The Tudor Museum (Musée Tudor), also known as Rosport Castle (Château de Rosport, Luxembourgish: Schlass vu Rouspert), is located in the little town of Rosport (Luxembourgish: Rouspert) in north-eastern Luxembourg. Built in 1892, it was the home of the Luxembourg inventor Henri Tudor. Since May 2009, the castle has housed the Tudor Museum.

==Location==

The building is located not far from the Irminenhof and is surrounded by magnificent gardens. Locally it is known as the neit Schlass or new castle.

==History==

During the German occupation of Luxembourg in the Second World War, the castle was used to accommodate girls assigned to the Reichsarbeitsdient who performed farming and house-keeping work. Around 1957, it became a guest house and, in 1964, the American firm Monsanto converted it into a hotel. However business was not very successful and in 1970, the Commune of Rosport bought the castle for its own administrative offices while continuing to rent out the first-floor apartments to vacationers. In 1972, these were replaced by a holiday home for old people.

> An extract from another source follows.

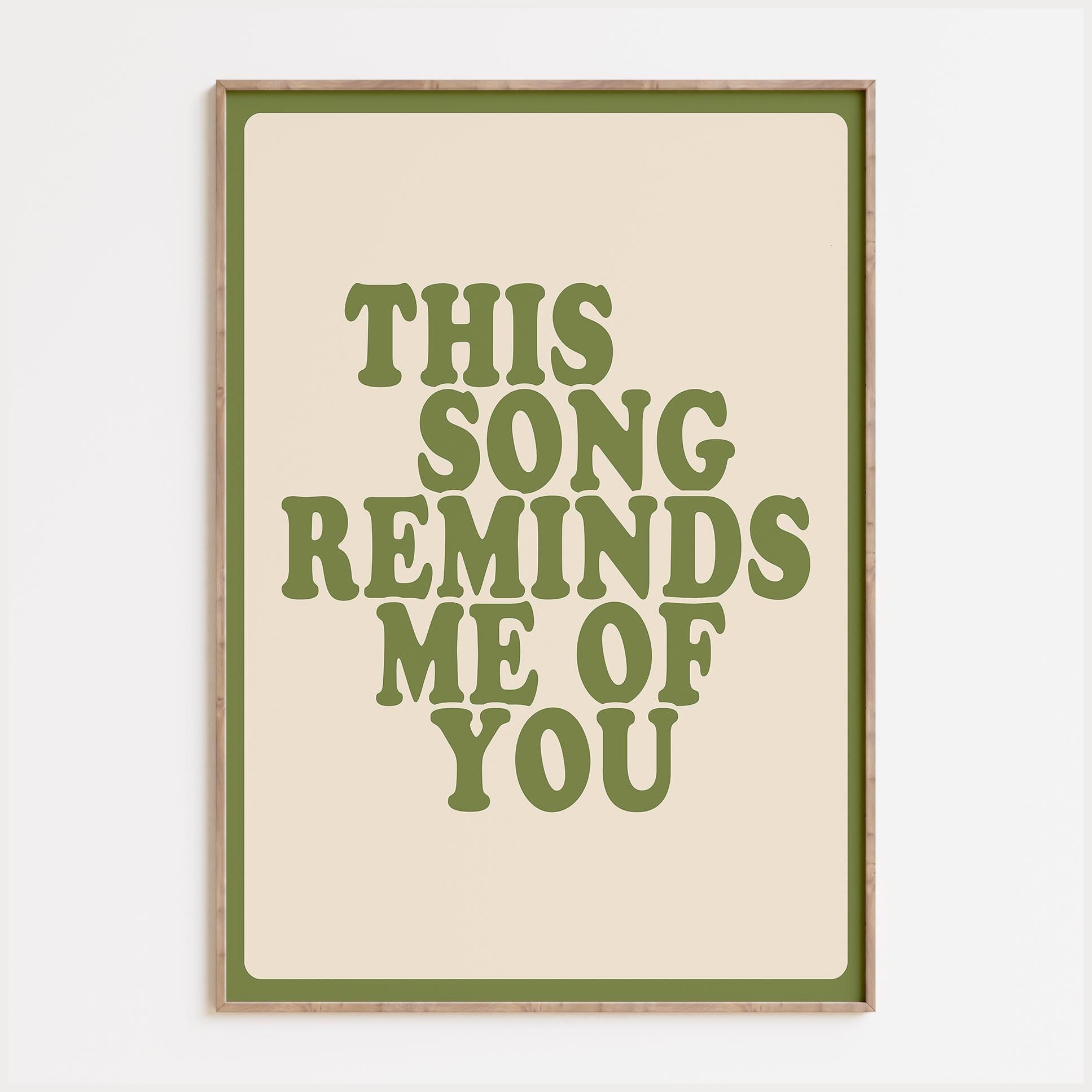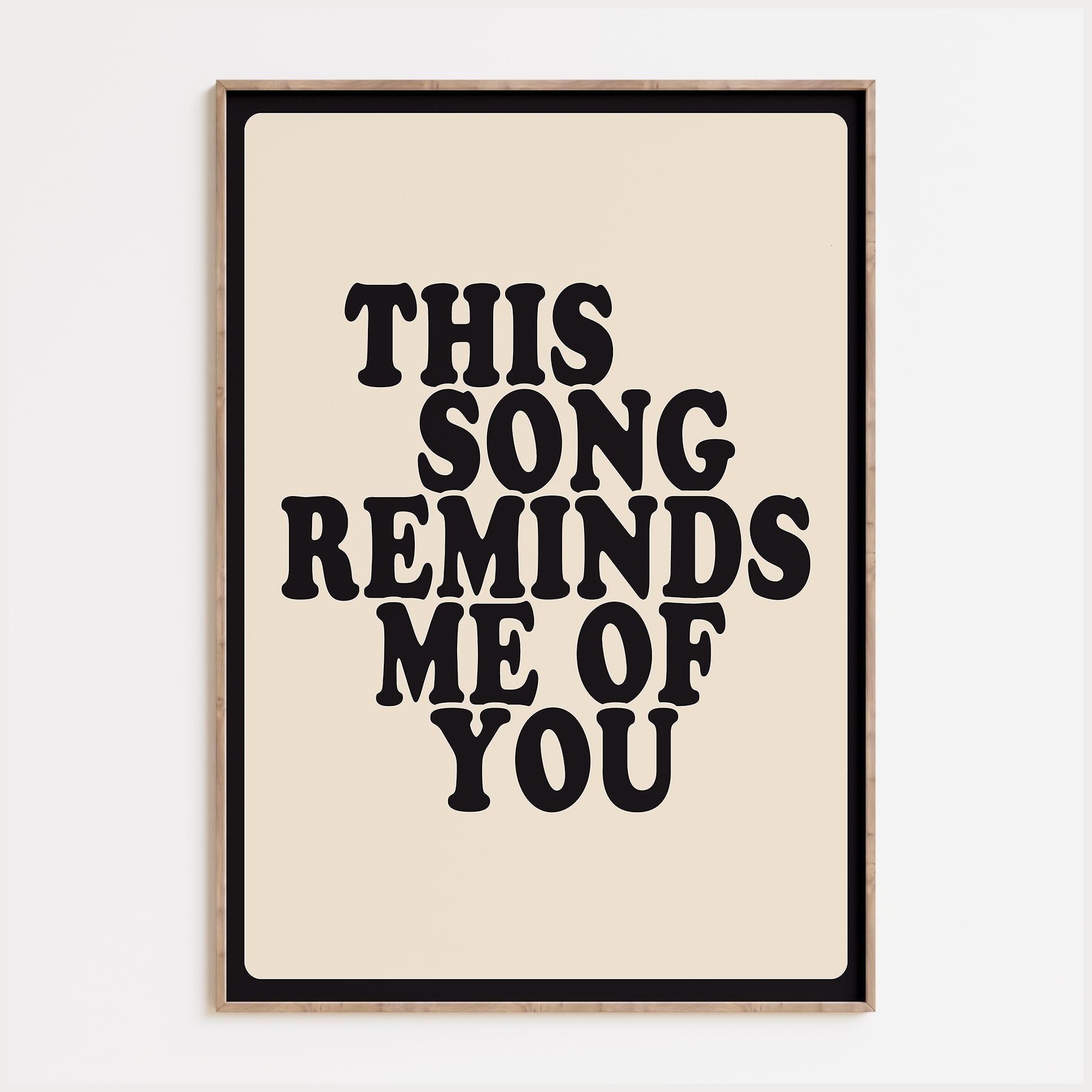 Retro 70s inspired print with "this song reminds me of you" quote in bold typography - the perfect print for your bedroom or living room, or as a gift for a loved one!

After restoration work was completed in 1999, serious consideration was given to opening a museum on the premises. In 1981, the celebrations for Tudor's 100th anniversary had included an exhibition on the development of the lead–acid battery, his principal success. Although the decision to go ahead with the museum was reached in 1995, many difficulties had to be overcome and it was only in May 2009 that the "Friends of the Henri Tudor Museum" were finally able to open it to the public.

==The castle today==

In addition to the museum, the building houses the administrative offices of the commune of Rosport-Mompach. The museum itself is open all year round from Wednesday to Sunday, 2 pm to 6 pm. In July and August, it is also open on Monday and Tuesday afternoons.